Integration: llama/server/CMakeLists.txt includes compat.cmake and passes
OLLAMA_LLAMA_CPP_COMPAT_PATCH_COMMAND to FetchContent_Declare via
PATCH_COMMAND. When OLLAMA_LLAMA_CPP_SOURCE is set (dev mode), the patch is
skipped so the developer's tree stays untouched.

Currently handles gemma3 (text + vision). Pattern is data-driven — adding
other archs is a new handle_<arch>() + one dispatch line. See README for
the per-arch checklist.

Verified end-to-end: `llama-server --model BLOB --mmproj BLOB` with an
Ollama gemma3:latest blob answers both text prompts ("Paris") and vision
prompts (correct image descriptions).
2026-04-20 09:29:34 -07:00

3.3 KiB

llama.cpp compatibility shim

This directory holds an in-process compatibility layer that lets upstream llama-server load GGUFs produced by older versions of Ollama (and files pulled from the Ollama registry) without re-converting or re-downloading.

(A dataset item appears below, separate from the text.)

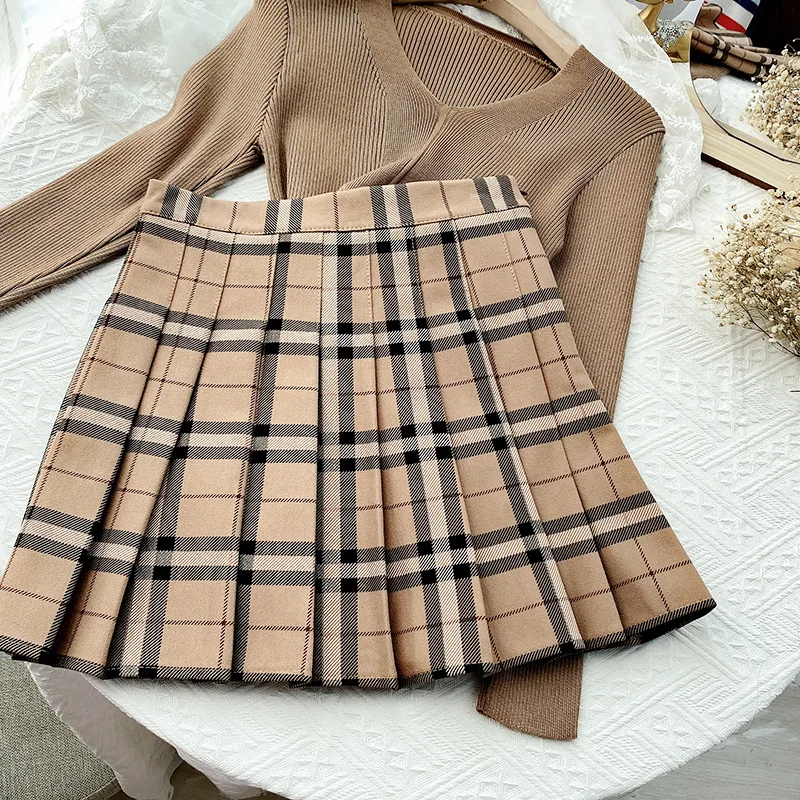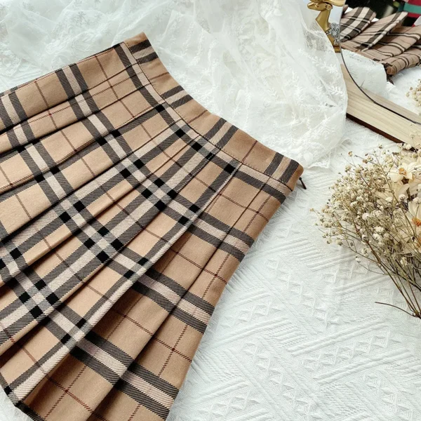 Be the first to review “Contrast Color Plaid Striped Skirt Korean Version of Pleated Skirt Autumn High Waist A Line Plaid Mini Skirt Student Style Sweet”

The layer is applied automatically at build time via CMake FetchContent's PATCH_COMMAND — there is no separate "apply patches" step.

Files

  • llama-ollama-compat.h, llama-ollama-compat.cpp — the shim itself. These are regular source files owned by Ollama; they get copied into the fetched llama.cpp source tree during configure.
  • upstream-edits.patch — small additive edits to upstream files so the shim gets called. Currently ~48 lines touching 6 files. Kept as a real git patch so re-generation on upstream bumps is one command.

What the shim does

The shim runs at two well-defined points in the loader:

  1. After gguf_init_from_file, for both the main model loader and the mtmd/clip loader: inspects the just-parsed metadata and decides whether the file is an Ollama-format GGUF. If so, it mutates the in-memory gguf_context and ggml_context (KV names, tensor names, tensor types) so the rest of the loader sees an upstream-shape file.

  2. After load_all_data: applies any numerical fix-ups that need the tensors in their final backend buffers (e.g. RMSNorm +1 if a future arch needs it — gemma3 doesn't).

Non-Ollama files are detected by the absence of Ollama-specific KV keys (e.g. gemma3.mm.tokens_per_image) or embedded v.* / mm.* tensors in the main model file. When no markers are present every compat function is an immediate no-op.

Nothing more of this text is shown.